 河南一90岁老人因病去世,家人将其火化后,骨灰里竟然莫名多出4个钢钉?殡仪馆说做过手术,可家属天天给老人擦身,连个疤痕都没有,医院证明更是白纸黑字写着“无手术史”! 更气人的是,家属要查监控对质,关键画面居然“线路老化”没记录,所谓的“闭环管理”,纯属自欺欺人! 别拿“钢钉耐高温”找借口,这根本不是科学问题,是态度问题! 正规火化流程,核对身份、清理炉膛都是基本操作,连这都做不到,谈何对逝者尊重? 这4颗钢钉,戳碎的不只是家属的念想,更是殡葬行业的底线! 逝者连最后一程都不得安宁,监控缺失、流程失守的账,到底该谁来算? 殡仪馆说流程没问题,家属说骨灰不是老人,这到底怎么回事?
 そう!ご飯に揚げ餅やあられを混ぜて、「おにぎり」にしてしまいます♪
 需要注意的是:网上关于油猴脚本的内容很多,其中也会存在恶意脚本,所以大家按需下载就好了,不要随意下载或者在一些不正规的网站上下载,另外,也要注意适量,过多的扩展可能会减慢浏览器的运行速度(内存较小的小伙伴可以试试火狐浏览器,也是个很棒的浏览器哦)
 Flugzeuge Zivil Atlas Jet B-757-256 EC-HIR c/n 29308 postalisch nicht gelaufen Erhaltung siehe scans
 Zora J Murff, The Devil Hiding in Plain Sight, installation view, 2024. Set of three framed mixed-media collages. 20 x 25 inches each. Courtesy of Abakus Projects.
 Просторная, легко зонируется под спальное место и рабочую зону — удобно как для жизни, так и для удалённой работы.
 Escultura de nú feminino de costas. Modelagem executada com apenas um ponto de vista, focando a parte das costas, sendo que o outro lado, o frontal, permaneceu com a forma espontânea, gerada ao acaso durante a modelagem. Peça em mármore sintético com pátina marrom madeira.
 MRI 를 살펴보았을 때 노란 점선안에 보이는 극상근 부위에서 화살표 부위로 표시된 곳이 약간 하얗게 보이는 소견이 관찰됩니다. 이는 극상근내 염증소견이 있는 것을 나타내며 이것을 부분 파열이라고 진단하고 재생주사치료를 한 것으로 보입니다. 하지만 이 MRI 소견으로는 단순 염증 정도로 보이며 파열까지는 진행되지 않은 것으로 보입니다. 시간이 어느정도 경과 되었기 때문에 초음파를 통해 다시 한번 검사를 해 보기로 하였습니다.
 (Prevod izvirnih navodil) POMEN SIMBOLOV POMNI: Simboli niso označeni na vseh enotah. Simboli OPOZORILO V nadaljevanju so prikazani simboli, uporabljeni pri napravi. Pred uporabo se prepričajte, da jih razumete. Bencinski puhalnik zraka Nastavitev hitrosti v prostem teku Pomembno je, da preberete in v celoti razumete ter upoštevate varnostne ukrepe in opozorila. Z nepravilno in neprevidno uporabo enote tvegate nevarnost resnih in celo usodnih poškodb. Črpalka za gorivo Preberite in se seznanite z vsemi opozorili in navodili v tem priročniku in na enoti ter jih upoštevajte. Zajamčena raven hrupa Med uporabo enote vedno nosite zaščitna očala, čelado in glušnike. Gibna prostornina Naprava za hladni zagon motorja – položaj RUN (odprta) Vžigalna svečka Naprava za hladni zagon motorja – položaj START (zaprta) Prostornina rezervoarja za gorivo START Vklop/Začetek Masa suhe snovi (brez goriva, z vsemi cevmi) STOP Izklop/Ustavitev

━━━━━━━━

WORK REQUEST
Copy out, exactly and alone, the lines of the entries above between the ones holding "そう!ご飯に揚げ餅やあられを混ぜて、「おにぎり」にしてしまいます♪" and "Escultura de nú", inclusive.

SOLUTION
 そう!ご飯に揚げ餅やあられを混ぜて、「おにぎり」にしてしまいます♪
 需要注意的是:网上关于油猴脚本的内容很多,其中也会存在恶意脚本,所以大家按需下载就好了,不要随意下载或者在一些不正规的网站上下载,另外,也要注意适量,过多的扩展可能会减慢浏览器的运行速度(内存较小的小伙伴可以试试火狐浏览器,也是个很棒的浏览器哦)
 Flugzeuge Zivil Atlas Jet B-757-256 EC-HIR c/n 29308 postalisch nicht gelaufen Erhaltung siehe scans
 Zora J Murff, The Devil Hiding in Plain Sight, installation view, 2024. Set of three framed mixed-media collages. 20 x 25 inches each. Courtesy of Abakus Projects.
 Просторная, легко зонируется под спальное место и рабочую зону — удобно как для жизни, так и для удалённой работы.
 Escultura de nú feminino de costas. Modelagem executada com apenas um ponto de vista, focando a parte das costas, sendo que o outro lado, o frontal, permaneceu com a forma espontânea, gerada ao acaso durante a modelagem. Peça em mármore sintético com pátina marrom madeira.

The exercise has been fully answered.